Authors: Galindo-Lopez, Carlos Ramon (AUTHOR), Beltran, Jessica (AUTHOR), Perez, Cynthia B. (AUTHOR), Caro, Karina (AUTHOR), Macias, Adrian (AUTHOR), Castro, Luis A. (AUTHOR)
Source: International Journal of Human-Computer Interaction. Sep2025, Vol. 41 Issue 18, p11528-11542. 15p.
Subjects: Deep learning, Down syndrome, Convolutional neural networks, Assistive technology, Human activity recognition, Behavioral assessment, Parent-child relationships
Abstract: Human activity recognition (HAR) has become a key technology for improving the quality of life for individuals with special needs, such as older adults and children with Down Syndrome (CwDS). This study presents a novel application of HAR systems to detect directive behaviors in parent-child interactions, focusing on parents of CwDS during educational activities. Using video data, we developed two models: a Convolutional Neural Network (CNN) and a hybrid CNN-LSTM model, to recognize subtle cues such as physical proximity and verbal interactions. The CNN3D model achieved over 90% accuracy in detecting approach behaviors and around 65% for verbal expressions. The CNN-LSTM model outperformed CNN3D in classifying verbal expressions, achieving over 68% accuracy. These results highlight the potential of deep learning classifiers for analyzing subtle parent-child interactions, offering valuable insights into parent-child dynamics and contributing to the development of assistive tools for studying educational settings. [ABSTRACT FROM AUTHOR]

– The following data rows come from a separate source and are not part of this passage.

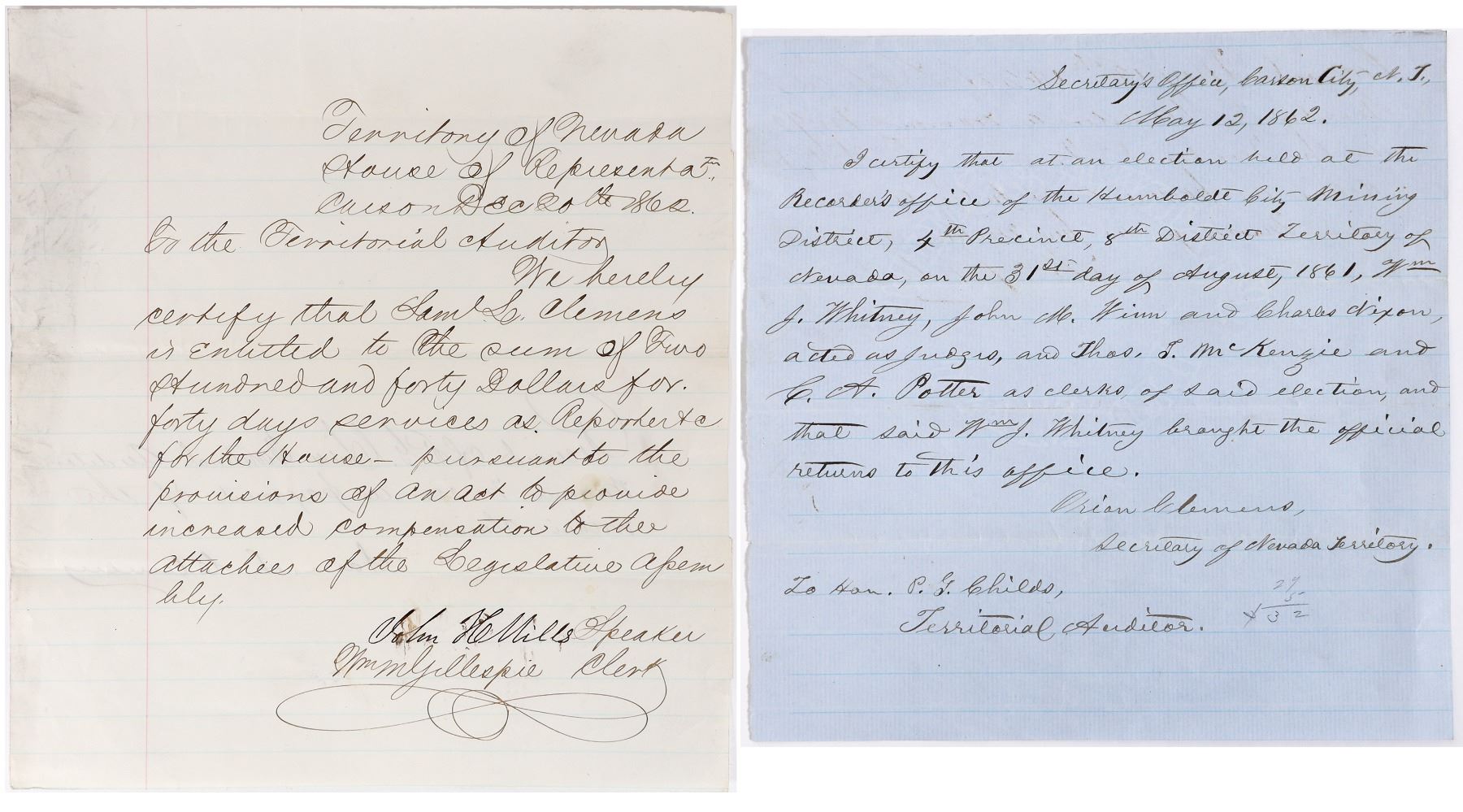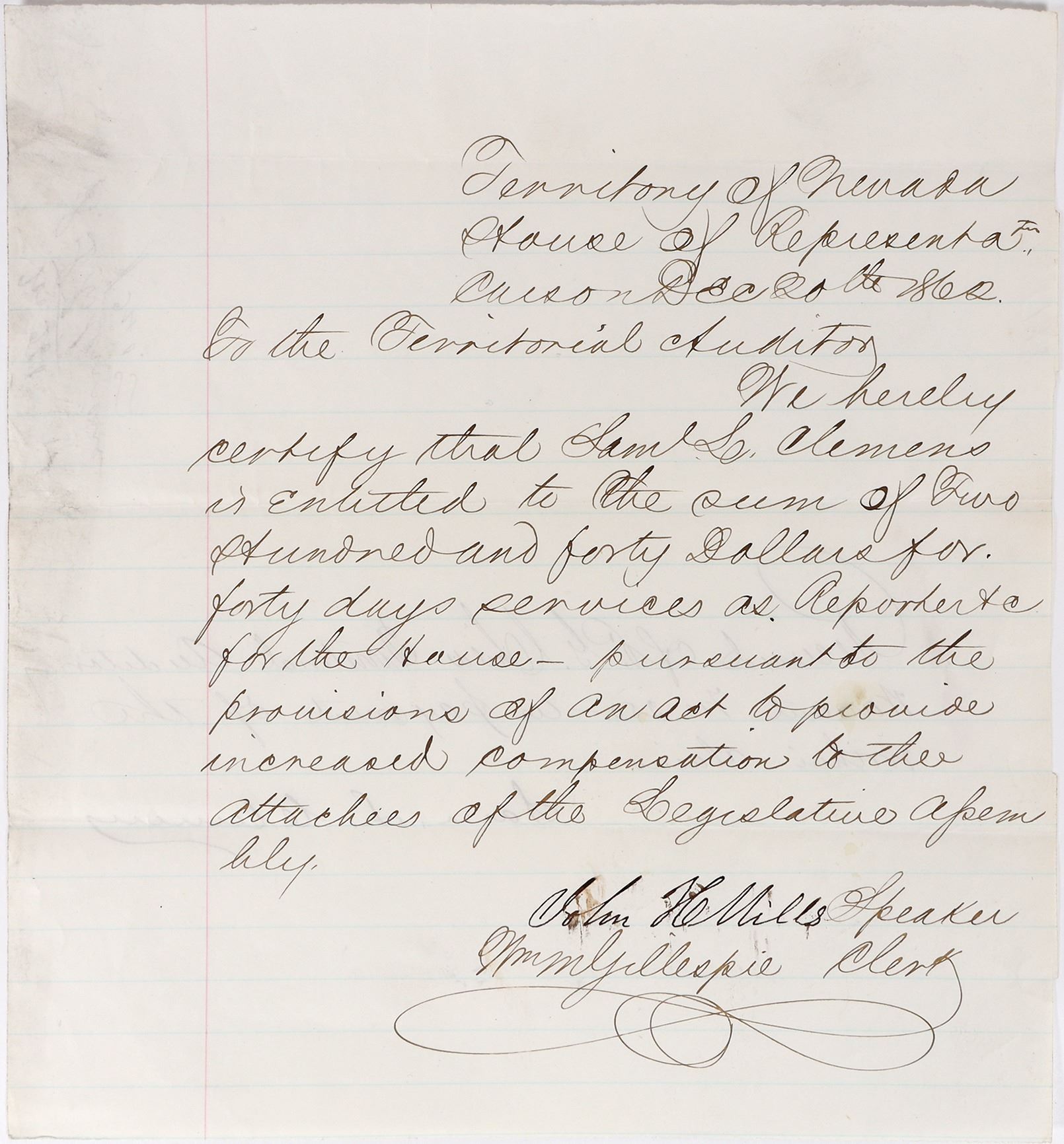 The original Territorial warrants including the actual warrant (check) issued to Sam Clemens had long disappeared by the time a small cache of documents was found in a cubbyhole of the Carson City in 1967. This original document, the authorization to the Controller to issue a pay document is the only document known regarding Sam Clemens’ service as a news reporter and copy assistant during the 1862 Legislative session.
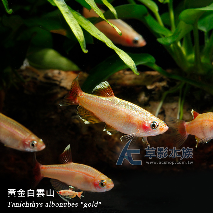 4. 如有活體死亡請於收件後60分鐘內拍照回傳,拍照需包含未拆封的原始魚袋完整包裝。[活體種源] 人工繁殖品種 [養殖難度] ★ [PH] 5.8~7.6 [GH] 2~12 [KH] 2~15 [溫度] 22~30度 [單位數量] 五隻 [販賣大小] 約1.3~1.5cm [國際學名] tanichthys albonubes "gold"
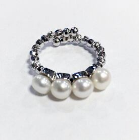 淡水パールを一列に並べたリング。エレガントにもカジュアルにも馴染むデザインで、装いに合わせた表情でお楽しみいただけます
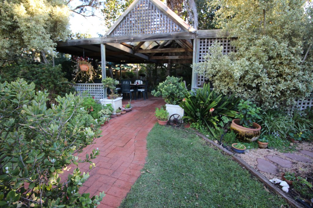 The back yard is very protected with an, almost, tropical feel. Extensive plantings and water features surround the lawn and lead into the enclosed outdoor eating area, set amongst ferns and greenery.
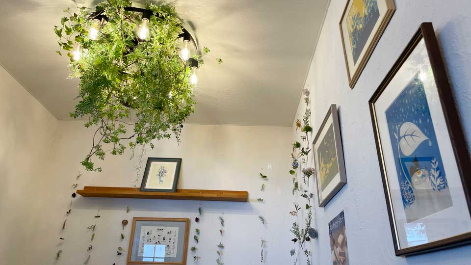 中に入ると、森の中にいるような雰囲気です。アオイオトではお馴染みの「リス」の絵、素朴なかわいらしい絵やアイテムが飾られています。
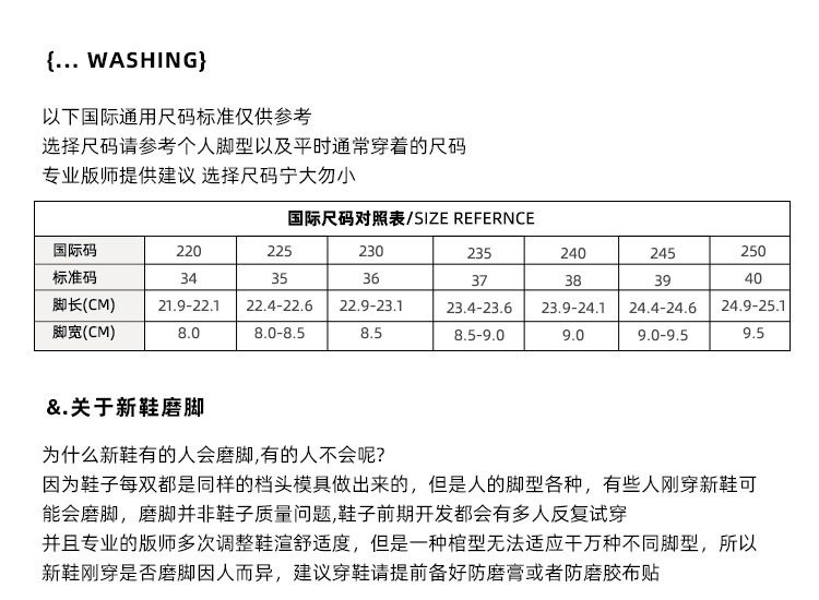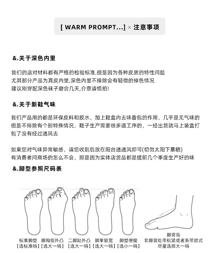 【关于尺码】是否偏小请关注颜色分类处有没有(偏小一码)的备注。如果没有均为标准码,按照平时的拍就可以了。脚肉的亲可以酌情往大一码拍
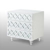 Crafted from durable MDF in a sleek lacquer finish with lucite feet, this elegant mirrored trellis piece is ideal as an end table in your living room or a night stand in your bedroom. Three gliding drawers are perfect for organizing living essentials
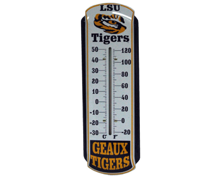 Officially Licensed Product. LSU Tigers Perfect addition to any patio or mancave. Pressed tin embossed thermometer. Comes on blister card for easy display. 6 pieces in an inner 144 per case.
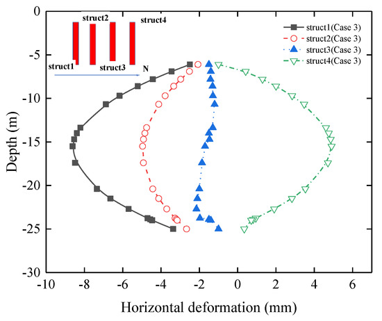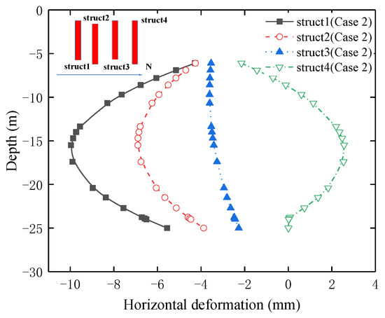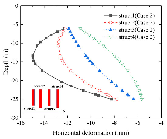 The horizontal deformation of the steel pipe structs is mainly caused by the redistribution of soil stress caused by the excavation of the foundation pit. Figure 14 shows the horizontal deformation of the steel pipe structs under the condition of Case 1. The deformation trends of the steel pipe structs (Struct 1, Struct 2, and Struct 4) immediately adjacent to the excavation side are the same, and they show a convex deformation to the excavation side, respectively; and Struct 1, Struct 2, and Struct 3 show deformation to the south side, while Struct 4 shows deformation to the north side. The maximum horizontal deformation values of the steel pipe Struct 1 and Struct 4 are 8.25 mm and 5.8 mm, respectively. The main reason is that the distance of the steel pipe structs from the pit edge is different. Struct 1, Struct 2, and Struct 3 are 3 m, 12 m, and 21 m from the common D-walls, while Struct 3 and Struct 4 are 24 m and 15 m from the pit in Area C. The excavation of Area C is using the slope-cut method, and the soil behind the slope limits the horizontal deformation of Struct 4. In addition, the distance of Struct 3 from the pit edge is larger, and the soil-stress redistribution has less influence on Struct 3. It can be seen that the excavation of the pit on both sides has a more obvious influence on the steel pipe structs on the adjacent excavation side, and the distance from the pit edge is the key factor affecting the deformation of the structure.
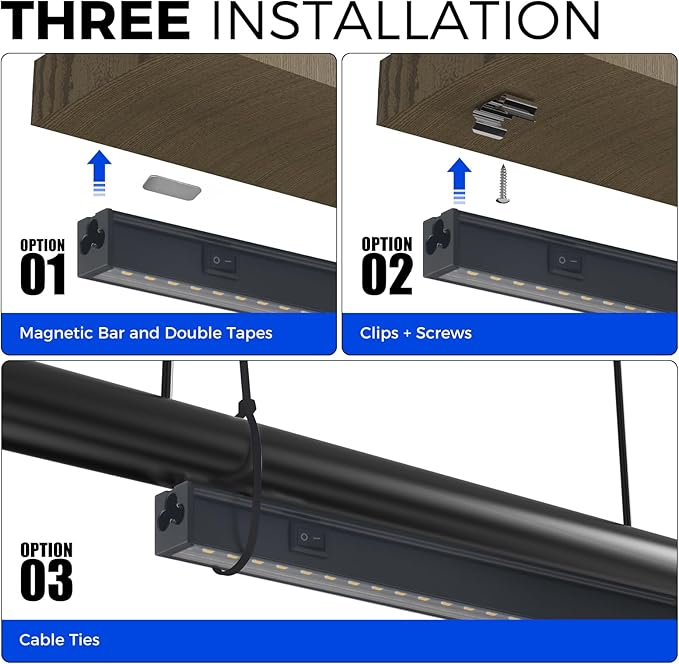- Easy Installation: With included clips, cable ties, magnetic bar with double-sided tapes, you could install this indoor plant light by yourself in minutes. Our under cabinet grow lights can be directly attached to any magnetic surface and any non-magnetic surface. Plug and play, and you could link up to 16 lights in a series, saving your time
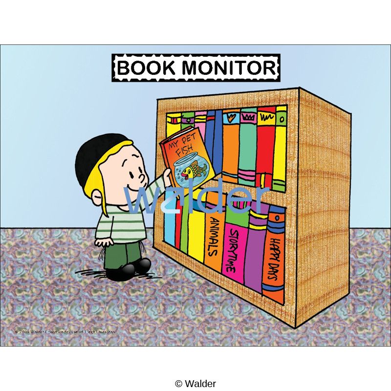 Place these job signs on the bulletin board in front of the classroom so the students know their jobs for the day/week/month. Pictured: book monitor
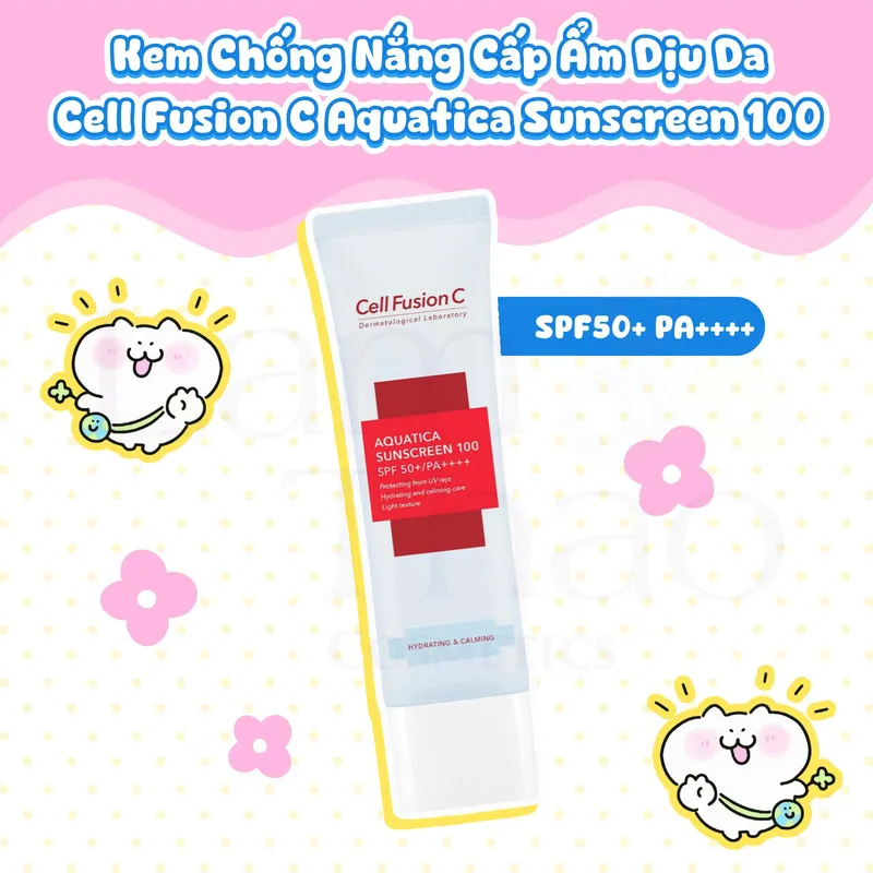 Kem Chống Nắng Cấp Ẩm Dịu Da Cell Fusion C Aquatica Sunscreen 100 SPF50+ PA++++ là lựa chọn lý tưởng trong danh sách kem chống nắng cho da khô. Sản phẩm được thiết kế dành riêng cho làn da thiên khô, da hỗn hợp thiên khô, da nhạy cảm và cả những trường hợp da vừa trải qua liệu trình laser thẩm mỹ. Với công thức giàu dưỡng chất, sản phẩm mang đến khả năng bổ sung độ ẩm dồi dào, giúp bề mặt da mềm mại, căng mịn tức thì.

Copyright of International Journal of Human-Computer Interaction is the property of Taylor & Francis Ltd and its content may not be copied or emailed to multiple sites without the copyright holder's express written permission. Additionally, content may not be used with any artificial intelligence tools or machine learning technologies. However, users may print, download, or email articles for individual use. This abstract may be abridged. No warranty is given about the accuracy of the copy. Users should refer to the original published version of the material for the full abstract. (Copyright applies to all Abstracts.)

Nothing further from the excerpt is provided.